The regulatory capital treatment at the consolidated (and parent company) level is based on the actual form of the preferred stock issued and outstanding. However, one of the intended uses of the proceeds from the preferred stock issuance is to contribute capital to the Bank to support the Bank’s growth plan and preserve the Bank’s well-capitalized status. The contribution of the capital to the Bank will qualify as Tier 1 regulatory capital at the Bank level regardless of the form of preferred stock issued by the Company.

Expenses

Under the Securities Purchase Agreement, we are required to reimburse FIC for all expenses incurred by or on behalf of FIC or its affiliates in connection with the Preferred Stock transaction, the related documents, the review of this proxy statement, and their due diligence investigation of us. In addition, we have agreed to reimburse Prairie Capital IV, L.P. and Prairie Capital IV QP, L.P. for the fees and expenses of their regulatory counsel in connection with their participation in the transaction.

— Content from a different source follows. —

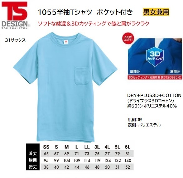 [ネコポス発送/1枚]★TSDESIGN 1055半袖Tシャツ ポケット付き【31サックス・LLサイズ】定価3000程度の品、即決880円!!

Termination and Company Fee

Termination. The Securities Purchase Agreement may be terminated at any time by mutual written consent of the Company and a majority of the Preferred Stock investors as represented by the number of shares of Preferred Stock for which such investors have subscribed. The Securities Purchase Agreement may also be terminated by either the Company or a majority of the Preferred Stock investors if:

 

   

the stockholder approval is not obtained at the Special Meeting (unless the closing of the Preferred Stock transaction occurs prior to the Special Meeting (as discussed above)); or

 

   

the closing of the transaction has not occurred by November 15, 2008 (the “Outside Date”), but, if the reason the closing has not occurred by such date is due to the fact that the parties have not received all required bank regulatory approvals or the Company has not received the required stockholder approval for the transaction, then the Outside Date will automatically be extended to December 31, 2008.

In addition, either the Company or the holders of a majority of the shares subscribed for pursuant to the Securities Purchase Agreement may terminate the Securities Purchase Agreement upon written notice to the other in the event of a material breach of a covenant or agreement to be performed or complied with by the other party and such breach is incapable of being cured prior to the Outside Date.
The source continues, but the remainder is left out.